• ENTRIES PROVIDED
◇ ◇ ◇

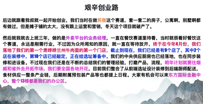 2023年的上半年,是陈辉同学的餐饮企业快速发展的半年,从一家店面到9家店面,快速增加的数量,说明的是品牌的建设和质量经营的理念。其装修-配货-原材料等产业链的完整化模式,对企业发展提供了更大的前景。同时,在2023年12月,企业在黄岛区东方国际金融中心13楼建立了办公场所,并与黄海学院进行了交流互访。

◇ ◇ ◇

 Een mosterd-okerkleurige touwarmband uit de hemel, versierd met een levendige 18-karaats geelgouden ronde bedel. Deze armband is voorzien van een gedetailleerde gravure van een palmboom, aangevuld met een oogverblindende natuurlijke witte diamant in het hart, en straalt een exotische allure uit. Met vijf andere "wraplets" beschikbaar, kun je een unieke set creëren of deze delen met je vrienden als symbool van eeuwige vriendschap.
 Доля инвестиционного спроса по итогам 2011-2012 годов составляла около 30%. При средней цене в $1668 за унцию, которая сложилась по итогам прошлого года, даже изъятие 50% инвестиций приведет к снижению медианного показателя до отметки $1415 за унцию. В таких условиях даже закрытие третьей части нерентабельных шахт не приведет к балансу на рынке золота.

◇ ◇ ◇

• PROBLEM DETAILS
From the line that has "Een mosterd-okerkleurige touwarmband" through the line that has "Доля инвестиционного спроса", copy every line exactly as it appears above, and leave out all others.

• WRITTEN SOLUTION
 Een mosterd-okerkleurige touwarmband uit de hemel, versierd met een levendige 18-karaats geelgouden ronde bedel. Deze armband is voorzien van een gedetailleerde gravure van een palmboom, aangevuld met een oogverblindende natuurlijke witte diamant in het hart, en straalt een exotische allure uit. Met vijf andere "wraplets" beschikbaar, kun je een unieke set creëren of deze delen met je vrienden als symbool van eeuwige vriendschap.
 Доля инвестиционного спроса по итогам 2011-2012 годов составляла около 30%. При средней цене в $1668 за унцию, которая сложилась по итогам прошлого года, даже изъятие 50% инвестиций приведет к снижению медианного показателя до отметки $1415 за унцию. В таких условиях даже закрытие третьей части нерентабельных шахт не приведет к балансу на рынке золота.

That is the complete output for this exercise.